Records provided START

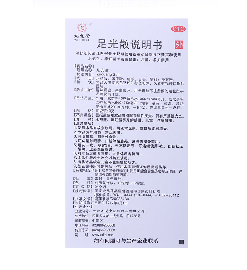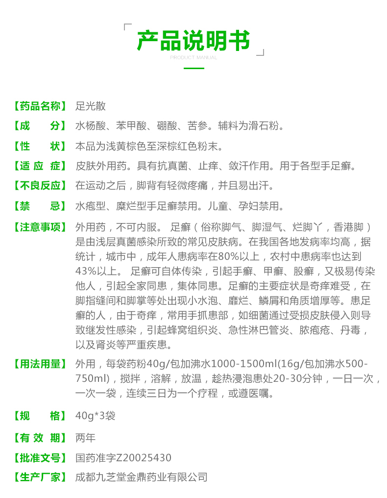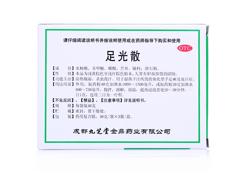 这款九芝堂足光散专治脚臭脚痒、足部脱皮、皮肤硬化以及角化型足癣,国药准字OTC标,使用时将其倒入沸水,带沸水放温后趁热浸泡,1日1次,1次20-30分钟。
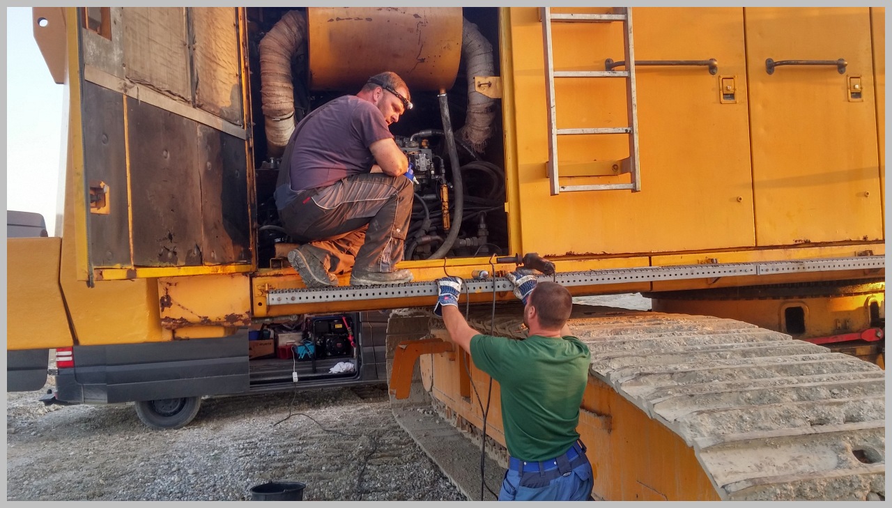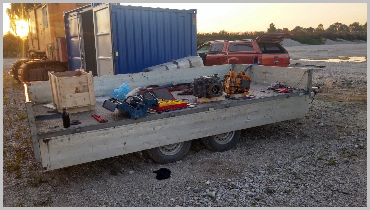 Leider hab ich kaum Fotos gemacht, war keine richtige Gelegenheit dazu... Bis die Pumpe verschraubt war, wurde es bereits dunkel und wir begannen aufzuräumen... die alte Pumpe wurde wieder in die Kiste gehoben, die geht zurück an den Liebherr und wird überholt... Stefan musste am nächsten Tag mit der No.1 Kies schmeissen und Andi wollte die weiteren Pumpen und Schläuche montieren und den Bagger einsatzklar machen.
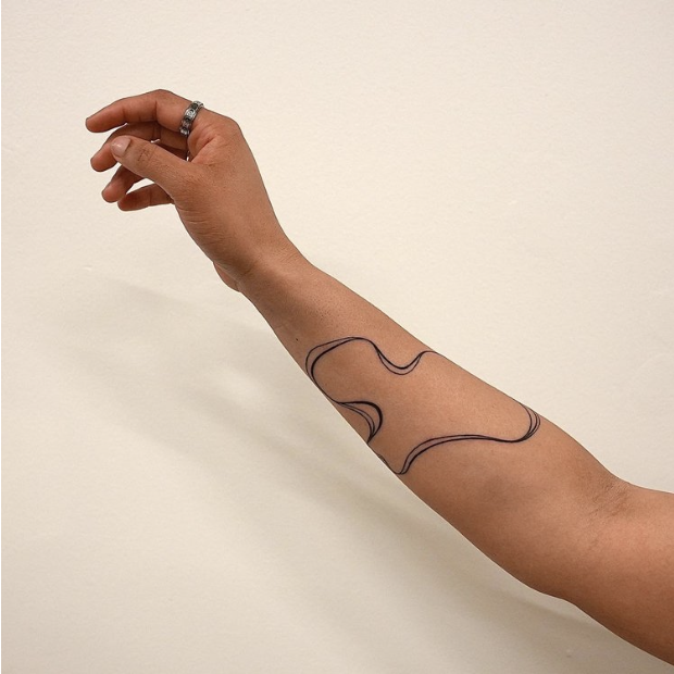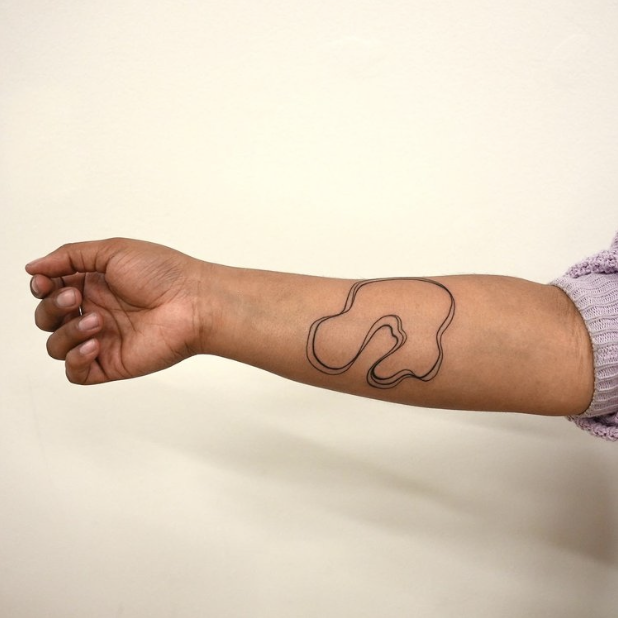 The tattoos that I am offering for this series of works are inspired by my experience of growing up on an islands and the water that surrounds us. For the past few years I have been developing an abstract linework technique in my tattooing practice that is based on the movement of water. The shapes that I create for “I am You,” are completed shapes that have no beginning or end which look like islands or small bodies of water.
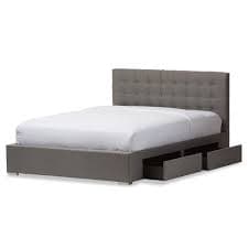 Take control of your storage needs and modernize your bedroom with this Baxton Studio Adonis four-drawer king-size storage platform bed. Complete with two pull-out drawers that are spacious enough for extra pillows, blankets, or clothing, this button-tufted platform bed features a slat-base design that eliminates the need for a box spring. Materials: 100% polyester fabric, MDF, particle board, foam. Color: Grey. Four (4) drawers. Foam-filled. Made in Malaysia. Care: Spot clean only.
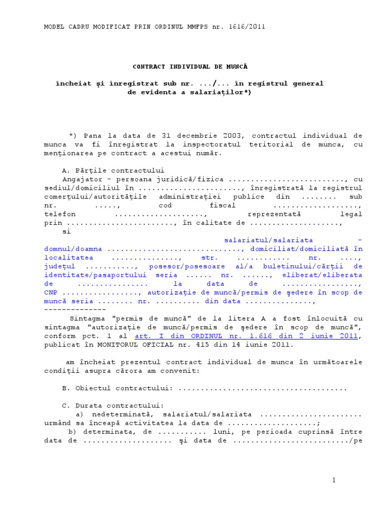 Locul de muncă al salariatului poate fi schimbat temporar de către angajator prin deplasarea în. Tot ce trebuie sa ai in vedere ca sa te ajute cand inchei, modifici, termini un contract de munca. Fiecare din părţi încheie contractul datorită contractul individual de muncă se bazează pe raportul de autoritate (subordonare) în care se află stabilirea obiectului contractului individual de muncă.
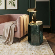 Hexagon Side Table Geometric Stone With Veining Polished Pedestal Nightstand For Living Room - Green

Records provided END

Please print each entry exactly as it stands, without the pictures.

◆ Response area ◆
 这款九芝堂足光散专治脚臭脚痒、足部脱皮、皮肤硬化以及角化型足癣,国药准字OTC标,使用时将其倒入沸水,带沸水放温后趁热浸泡,1日1次,1次20-30分钟。
 Leider hab ich kaum Fotos gemacht, war keine richtige Gelegenheit dazu... Bis die Pumpe verschraubt war, wurde es bereits dunkel und wir begannen aufzuräumen... die alte Pumpe wurde wieder in die Kiste gehoben, die geht zurück an den Liebherr und wird überholt... Stefan musste am nächsten Tag mit der No.1 Kies schmeissen und Andi wollte die weiteren Pumpen und Schläuche montieren und den Bagger einsatzklar machen.
 The tattoos that I am offering for this series of works are inspired by my experience of growing up on an islands and the water that surrounds us. For the past few years I have been developing an abstract linework technique in my tattooing practice that is based on the movement of water. The shapes that I create for “I am You,” are completed shapes that have no beginning or end which look like islands or small bodies of water.
 Take control of your storage needs and modernize your bedroom with this Baxton Studio Adonis four-drawer king-size storage platform bed. Complete with two pull-out drawers that are spacious enough for extra pillows, blankets, or clothing, this button-tufted platform bed features a slat-base design that eliminates the need for a box spring. Materials: 100% polyester fabric, MDF, particle board, foam. Color: Grey. Four (4) drawers. Foam-filled. Made in Malaysia. Care: Spot clean only.
 Locul de muncă al salariatului poate fi schimbat temporar de către angajator prin deplasarea în. Tot ce trebuie sa ai in vedere ca sa te ajute cand inchei, modifici, termini un contract de munca. Fiecare din părţi încheie contractul datorită contractul individual de muncă se bazează pe raportul de autoritate (subordonare) în care se află stabilirea obiectului contractului individual de muncă.
 Hexagon Side Table Geometric Stone With Veining Polished Pedestal Nightstand For Living Room - Green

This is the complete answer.